Nothing but the images is to be left out of your exact copy of the entries.

**** Records shown

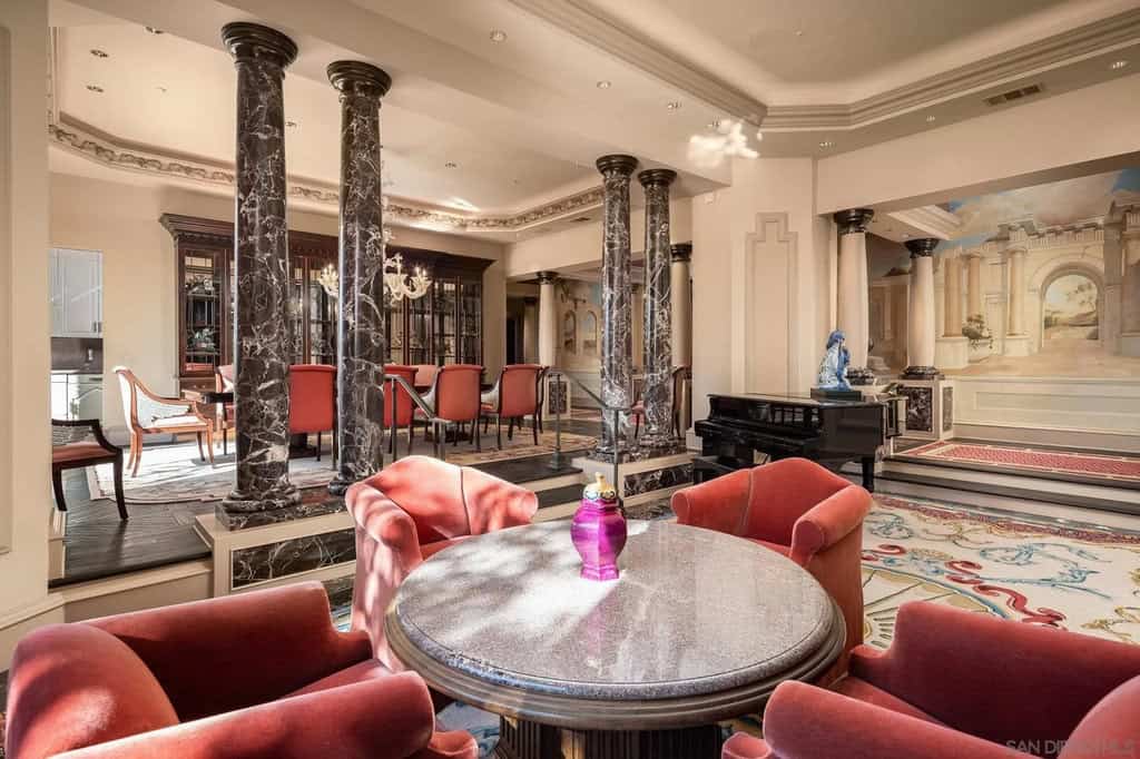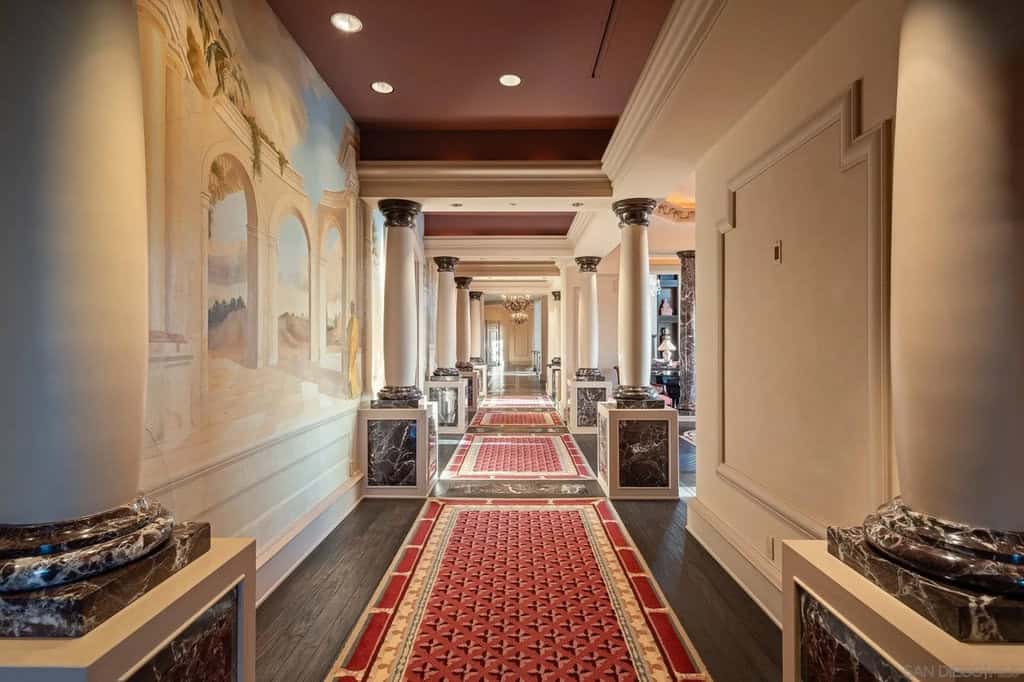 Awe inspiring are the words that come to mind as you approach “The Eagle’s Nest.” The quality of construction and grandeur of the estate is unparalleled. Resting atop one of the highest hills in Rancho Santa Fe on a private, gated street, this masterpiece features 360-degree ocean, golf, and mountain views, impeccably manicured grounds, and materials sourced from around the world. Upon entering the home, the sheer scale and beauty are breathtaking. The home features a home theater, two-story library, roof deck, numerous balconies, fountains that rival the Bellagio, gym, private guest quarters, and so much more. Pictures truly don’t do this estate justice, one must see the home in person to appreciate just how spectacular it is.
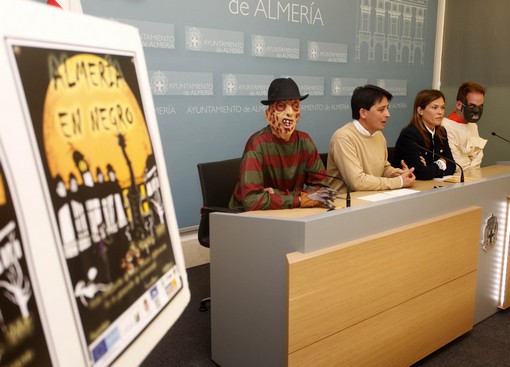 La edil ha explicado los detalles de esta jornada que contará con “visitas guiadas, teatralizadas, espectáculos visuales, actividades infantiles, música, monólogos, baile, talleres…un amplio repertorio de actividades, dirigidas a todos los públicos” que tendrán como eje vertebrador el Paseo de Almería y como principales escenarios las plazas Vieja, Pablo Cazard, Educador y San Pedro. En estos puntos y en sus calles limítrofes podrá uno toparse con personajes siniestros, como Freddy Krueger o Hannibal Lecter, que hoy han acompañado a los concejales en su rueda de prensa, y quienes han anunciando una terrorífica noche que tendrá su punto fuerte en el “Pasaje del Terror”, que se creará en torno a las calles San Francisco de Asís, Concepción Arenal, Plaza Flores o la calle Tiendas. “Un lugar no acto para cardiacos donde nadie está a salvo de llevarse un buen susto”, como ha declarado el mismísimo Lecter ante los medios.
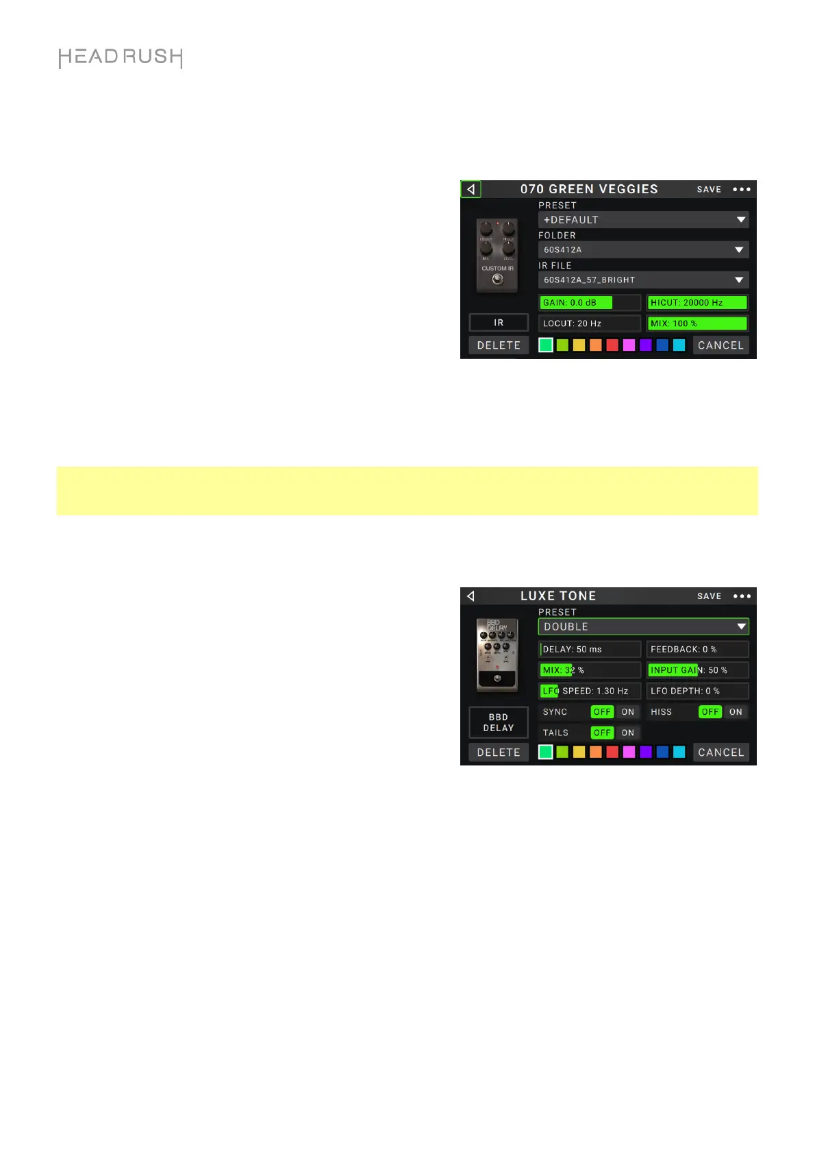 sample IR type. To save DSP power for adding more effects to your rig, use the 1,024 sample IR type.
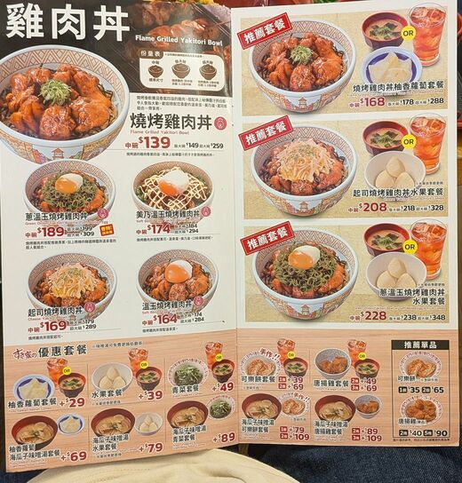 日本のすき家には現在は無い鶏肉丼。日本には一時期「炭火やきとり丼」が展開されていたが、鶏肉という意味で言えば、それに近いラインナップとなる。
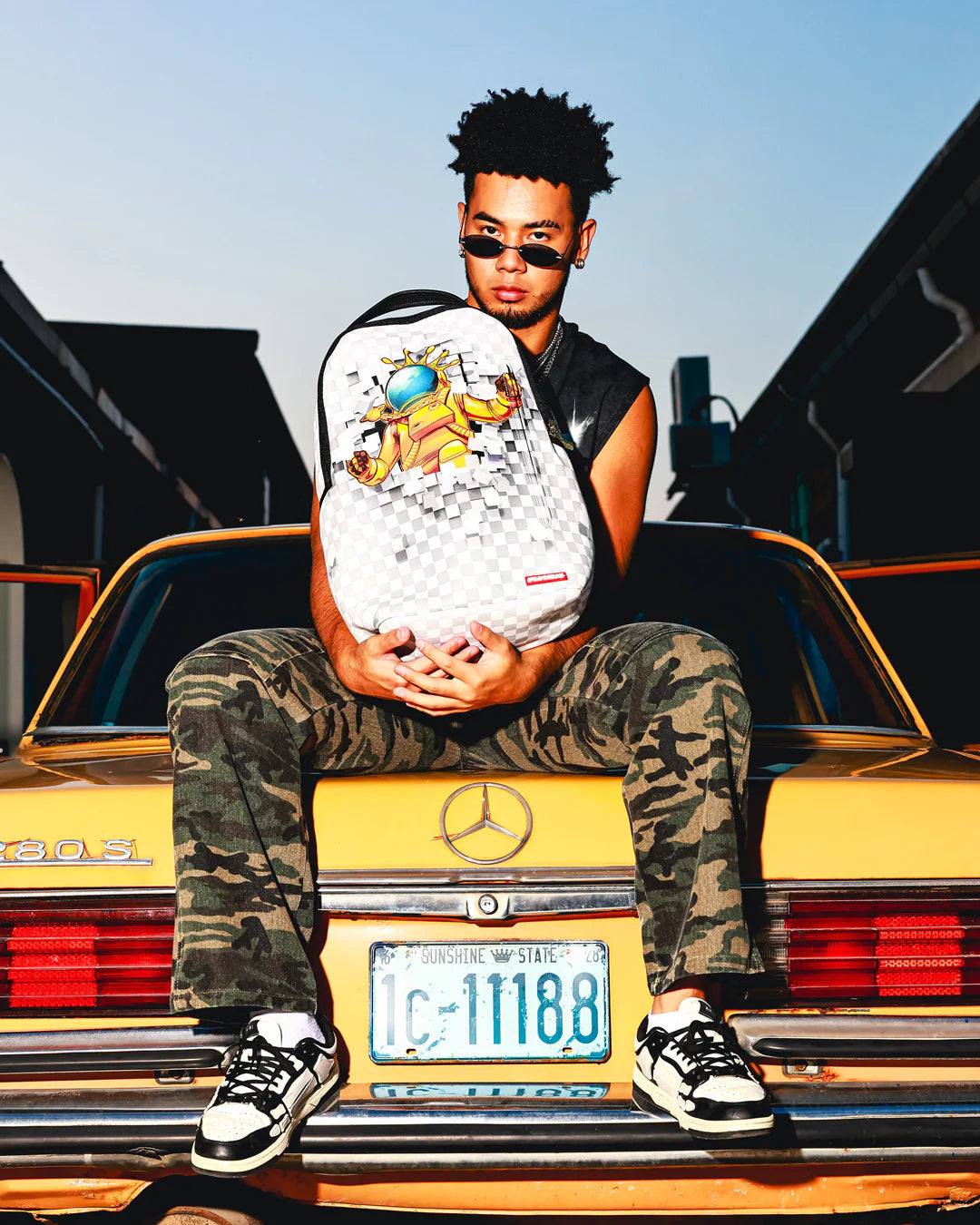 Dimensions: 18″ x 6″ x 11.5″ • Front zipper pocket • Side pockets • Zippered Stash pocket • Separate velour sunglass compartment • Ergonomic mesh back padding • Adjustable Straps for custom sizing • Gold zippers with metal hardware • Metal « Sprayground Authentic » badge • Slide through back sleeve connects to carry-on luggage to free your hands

********

▸ Exercise output:
 Awe inspiring are the words that come to mind as you approach “The Eagle’s Nest.” The quality of construction and grandeur of the estate is unparalleled. Resting atop one of the highest hills in Rancho Santa Fe on a private, gated street, this masterpiece features 360-degree ocean, golf, and mountain views, impeccably manicured grounds, and materials sourced from around the world. Upon entering the home, the sheer scale and beauty are breathtaking. The home features a home theater, two-story library, roof deck, numerous balconies, fountains that rival the Bellagio, gym, private guest quarters, and so much more. Pictures truly don’t do this estate justice, one must see the home in person to appreciate just how spectacular it is.
 La edil ha explicado los detalles de esta jornada que contará con “visitas guiadas, teatralizadas, espectáculos visuales, actividades infantiles, música, monólogos, baile, talleres…un amplio repertorio de actividades, dirigidas a todos los públicos” que tendrán como eje vertebrador el Paseo de Almería y como principales escenarios las plazas Vieja, Pablo Cazard, Educador y San Pedro. En estos puntos y en sus calles limítrofes podrá uno toparse con personajes siniestros, como Freddy Krueger o Hannibal Lecter, que hoy han acompañado a los concejales en su rueda de prensa, y quienes han anunciando una terrorífica noche que tendrá su punto fuerte en el “Pasaje del Terror”, que se creará en torno a las calles San Francisco de Asís, Concepción Arenal, Plaza Flores o la calle Tiendas. “Un lugar no acto para cardiacos donde nadie está a salvo de llevarse un buen susto”, como ha declarado el mismísimo Lecter ante los medios.
 sample IR type. To save DSP power for adding more effects to your rig, use the 1,024 sample IR type.
 日本のすき家には現在は無い鶏肉丼。日本には一時期「炭火やきとり丼」が展開されていたが、鶏肉という意味で言えば、それに近いラインナップとなる。
 Dimensions: 18″ x 6″ x 11.5″ • Front zipper pocket • Side pockets • Zippered Stash pocket • Separate velour sunglass compartment • Ergonomic mesh back padding • Adjustable Straps for custom sizing • Gold zippers with metal hardware • Metal « Sprayground Authentic » badge • Slide through back sleeve connects to carry-on luggage to free your hands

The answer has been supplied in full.